Data and context is key for robust A.I. in health

Rebecca Bazeley

22 November 2017

In evidence to the House of Lords Select Committee on Artificial Intelligence (A.I.), PHG Foundation’s Head of Science, Dr Sobia Raza highlighted the potential value of an NHS wide strategy on using health data for algorithm development to realise the potential of A.I. for patients and to ensure data sets are sufficiently representative of the UK population.

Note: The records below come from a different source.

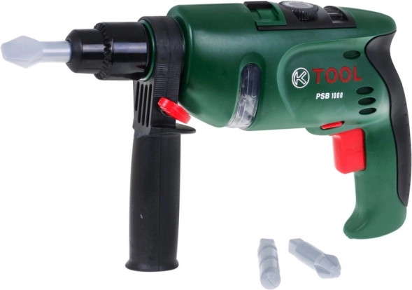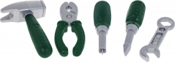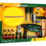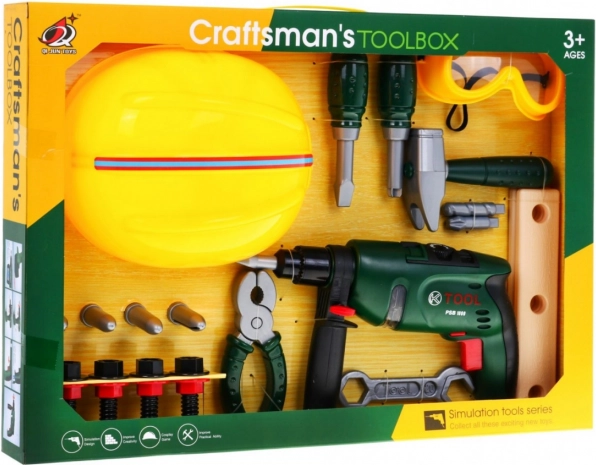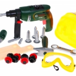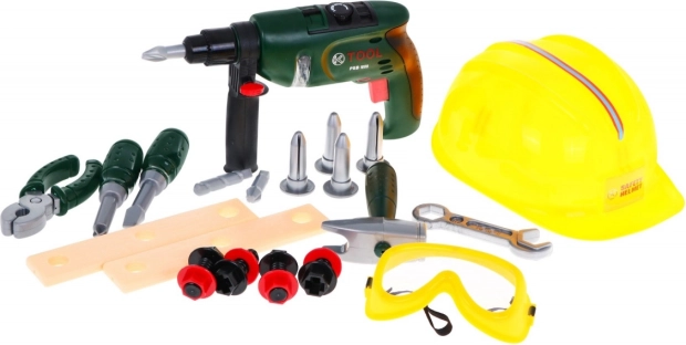 | | Zestaw dla majsterkowicza z wiertarką, goglami, kaskiem i narzędziami jest odpowiedni dla dzieci od 3 lat. Zabawka pozytywnie wpływa na rozwój myślenia logicznego, pobudza kreatywność i wspiera koordynację ręka-oko. Wkrętak zasilany jest bateriami typu 2 x AA 1,5 V – nie są dołączone do zestawu. | Zawartość zestawu |
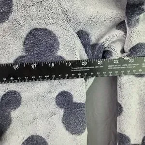 Plush faux fur union suit features an all-over Mickey Mouse silhouette print in a classic navy and grey color scheme. Designed for ultimate comfort, this one-piece includes a full-zip front, cozy hood with 3D ears, and playful pom-pom drawstrings. Functional front pockets and ribbed cuffs complete the look, making it a perfect choice for lounging at home, themed sleepovers, or festive holiday mornings. This item is in excellent condition.
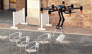 Видеоролик наглядно демонстрирует все его способности: дрон поднимает стулья, перетаскивает ёмкости с водой, может за что-то ухватиться. И да, похоже, манипуляторы дрона — это всё же ноги, а не руки. Посмотрите, как он на них приземляется, подобно птице!

The committee is considering the economic, ethical and social implications of advances in artificial intelligence.

Following written evidence from PHG Foundation submitted to a House of Lords inquiry on Artificial Intelligence, PHG Foundation were invited to give oral evidence on the implications of A.I. for healthcare to the Select Committee on 21 November.

Responding to a question on how to ensure the robust evaluation of machine learning tools before they are used on patients, Sobia used the analogy of driverless cars, which may have been trained and then successfully tested on broad open highways in California but are faced with a very different set of decisions on narrow British country lanes.

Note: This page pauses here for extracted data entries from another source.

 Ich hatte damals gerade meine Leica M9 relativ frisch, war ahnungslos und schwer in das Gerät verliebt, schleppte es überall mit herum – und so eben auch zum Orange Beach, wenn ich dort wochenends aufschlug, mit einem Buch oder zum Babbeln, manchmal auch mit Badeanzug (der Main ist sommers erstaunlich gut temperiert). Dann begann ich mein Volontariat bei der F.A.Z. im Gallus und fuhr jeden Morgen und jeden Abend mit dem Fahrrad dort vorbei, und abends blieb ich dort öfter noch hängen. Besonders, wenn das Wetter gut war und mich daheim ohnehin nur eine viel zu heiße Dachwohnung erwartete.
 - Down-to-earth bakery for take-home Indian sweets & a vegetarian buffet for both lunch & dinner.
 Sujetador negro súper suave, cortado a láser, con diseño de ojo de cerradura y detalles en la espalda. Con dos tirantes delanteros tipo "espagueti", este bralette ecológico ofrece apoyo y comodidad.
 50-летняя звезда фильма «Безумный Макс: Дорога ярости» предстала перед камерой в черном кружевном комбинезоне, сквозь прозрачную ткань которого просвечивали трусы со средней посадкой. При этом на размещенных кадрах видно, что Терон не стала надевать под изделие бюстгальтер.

She said ‘It’s the same in healthcare – the A.I. algorithms have to be tested under the conditions and the population in which they will be used.’

Discussing the development of policy around A.I. Sobia emphasised the need for appropriate digital infrastructure in relation to storing, collecting, processing and transferring data - and the importance of retaining a focus on building patient and public trust for sharing health data. In order to gain access to large, representative data sets for A.I. development, it is key that there is greater engagement on the potential benefits and more widely on why data is vital to improving health, care and services.

Also giving evidence at this session were Dr Julian Huppert, Chair, Independent Review Panel for DeepMind Health and Nicola Perrin, Head, Understanding Patient Data, Wellcome Trust. The committee will report by the 31 March 2018.